Hypoxia-inducible factor-1 α and RIP3 triggers NLRP3 inflammasome in ischemic stroke.

Despite the enduring status of ischemic stroke as a major cause of morbidity and mortality worldwide, a deficiency of effective therapies currently exists to treat this deadly disease. It is therefore essential that research continues to be conducted into the molecular mechanisms that precipitate injury following strokes. These mechanisms may, one further elucidated, yield the therapeutic targets that have eluded clinical practice thus far.

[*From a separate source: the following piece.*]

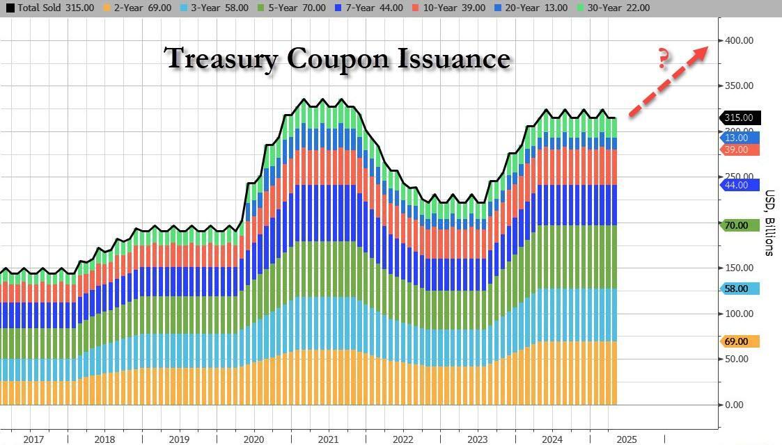 In our preview of today's quarterly refunding announcement we said to focus on three things: i) when will Treasury hike coupon sizes again, ii) if there will be any change to the language holding auction sizes steady for "at least" the next several quarters, and iii) will Bessent change the Treasury buyback program to a more activist exercise (similar to what Yellen did with her Activist Treasury Issuance strategy which boosted markets for 2 years as reverse repo drained). In retrospect, there were no big surprises, and in line with our forecast for $370BN in May gross offering, and $125BN in 3/10/30 quarterly refunding auctions...

It is for this reason that inflammation, a major component of the damage produced by ischemic stroke, is of interest to our group. The molecular basis of poststroke inflammation has been enriched in recent years by the growing body of evidence implicating activation of inflammasomes in aggravation of brain damage.[12] Inflammasomes are intracellular complexes consisting of multiple proteins that may include pattern-recognizing NOD-like or absent in melanoma-2-like receptors (NLR and AIM2, respectively), an adaptor protein, and caspase-1; damage-associated molecular pattern sensation by the complex leads to the activation of caspase-1, which results in the release of the proinflammatory cytokines interleukin 1 (IL-1) β and IL-18.[2] Of the inflammasomes, NLRP3 appears to be especially relevant to the pathophysiology of stroke: it is thought to the most important inflammasome sensor in the brains of stroke patients,[3] and Yang et al. found that NLRP3 mRNA and protein expression is significantly increased after 12h poststroke.[4]

Inflammasome activation appears to promote cell death in ischemic stroke by multiple mechanisms. In addition to the cell death pathway mediated by pyroptosis, necroptosis also plays an important role. Necroptosis is mediated by the activation of receptor-interacting protein kinase-1 (RIPK1) and RIPK3, which leads to phosphorylation of the effector mixed lineage kinase domain-like protein (MLKL).[5] The activation of MLKL then causes its translocation to the membrane, resulting in cell rupture. In addition, it has been shown by Conos et al.,[6] and Gutierrez et al.[7] that MLKL directly activates NLRP3, resulting in an inflammatory response due to the release of mature IL-1 β.

Hypoxia-inducible factor 1 (HIF-1), a key transcription factor that is composed of HIF-1α and HIF-1 β protein subunits and regulated by oxygen, also appears to be involved in this pathway. Under hypoxic conditions, HIF-1α serves the adaptive purpose of inducing the transcription of genes that may be involved in the mitigation of brain injury.[8] Some studies indicate, however, that activation of HIF-1α promotes cell death after ischemic stroke.[9] Reactive oxygen species (ROS), which are known to be elevated following ischemic stroke, appear to induce HIF-1α accumulation, resulting in cell death. In addition to this ROS-driven mechanism, Yang et al. recently demonstrated that HIF-1α might be activated in the course of RIP3/MLKL-mediated necroptotic brain injury: compared to control cells, those subjected to oxygen-glucose deprivation significantly upregulated the expression of RIP3 and HIF-1α, and RIP3 siRNA decreased the protein level of HIF-1α under ischemic conditions. Additionally, HIF-1α siRNA did not affect the expression of RIP3 or MLKL, but did result in decreased ischemic injury.[8]

In summary, poststroke inflammation induces RIP3/MLKL activation, and MLKL triggers the NLRP3 inflammasome, which elaborates the proinflammatory cytokines IL-1 β and IL-18 that promote brain damage.[10] In addition, HIF-1α appears to be involved in the RIP3/MLKL pathway, and the expression of HIF-1α increases after ischemic stroke. It is currently not clear whether HIF-1α is involved in the activation of the NLRP3 inflammasome, however. Our group hopes, by investigating its involvement with NLRP3 inflammasome activation, to clarify the manner in which HIF-1α is involved in the pathophysiology of ischemic stroke, and thus to contribute to the discovery of novel interventions against the damage wrought by this disease.